Stepan Arkadyevitch was a truthful man in his relations with himself. He was incapable of deceiving himself and persuading himself that he repented of his conduct. He could not at this date repent of the fact that he, a handsome, susceptible man of thirty-four, was not in love with his wife, the mother of five living and two dead children, and only a year younger than himself. All he repented of was that he had not succeeded better in hiding it from his wife. But he felt all the difficulty of his position and was sorry for his wife, his children, and himself. Possibly he might have managed to conceal his sins better from his wife if he had anticipated that the knowledge of them would have had such an effect on her. He had never clearly thought out the subject, but he had vaguely conceived that his wife must long ago have suspected him of being unfaithful to her, and shut her eyes to the fact. He had even supposed that she, a worn-out woman no longer young or good-looking, and in no way remarkable or interesting, merely a good mother, ought from a sense of fairness to take an indulgent view. It had turned out quite the other way.
“Oh, it’s awful! oh dear, oh dear! awful!” Stepan Arkadyevitch kept repeating to himself, and he could think of nothing to be done. “And how well things were going up till now! how well we got on! She was contented and happy in her children; I never interfered with her in anything; I let her manage the children and the house just as she liked.
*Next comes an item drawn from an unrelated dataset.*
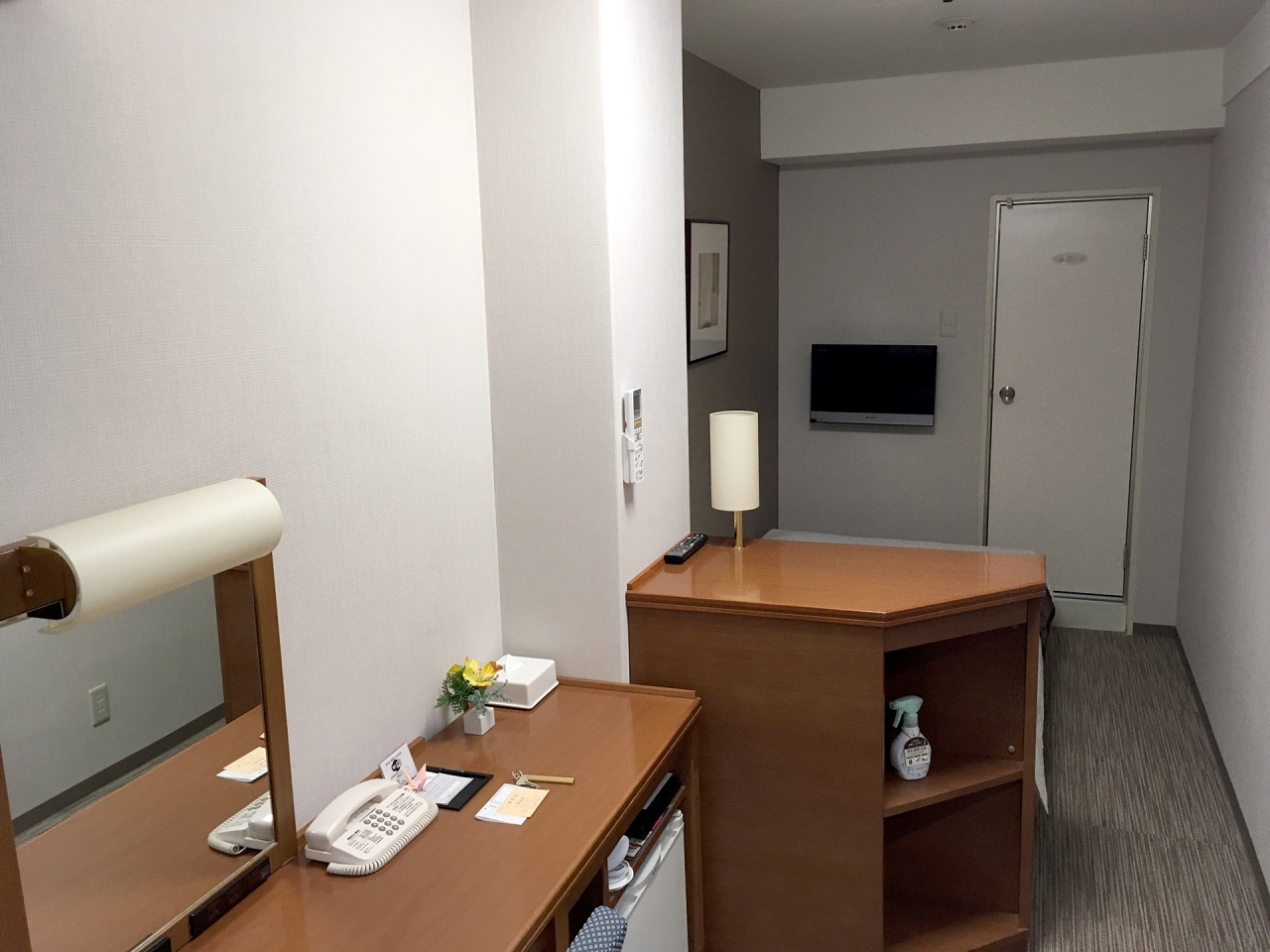 客室自体は、建物の中央に2部屋隣接させて作っている構造なので、面積を確保するために細長くなっています(写真参照)。住むのは嫌ですが、泊まる分には、動線が1つという便利さもあります。

It’s true it’s bad her having been a governess in our house. That’s bad! There’s something common, vulgar, in flirting with one’s governess. But what a governess!” (He vividly recalled the roguish black eyes of Mlle. Roland and her smile.) “But after all, while she was in the house, I kept myself in hand. And the worst of it all is that she’s already...it seems as if ill-luck would have it so! Oh, oh! But what, what is to be done?”
There was no solution, but that universal solution which life gives to all questions, even the most complex and insoluble. That answer is: one must live in the needs of the day—that is, forget oneself. To forget himself in sleep was impossible now, at least till nighttime; he could not go back now to the music sung by the decanter-women; so he must forget himself in the dream of daily life.
“Then we shall see,” Stepan Arkadyevitch said to himself, and getting up he put on a gray dressing-gown lined with blue silk, tied the tassels in a knot, and, drawing a deep breath of air into his broad, bare chest, he walked to the window with his usual confident step, turning out his feet that carried his full frame so easily. He pulled up the blind and rang the bell loudly. It was at once answered by the appearance of an old friend, his valet, Matvey, carrying his clothes, his boots, and a telegram. Matvey was followed by the barber with all the necessaries for shaving.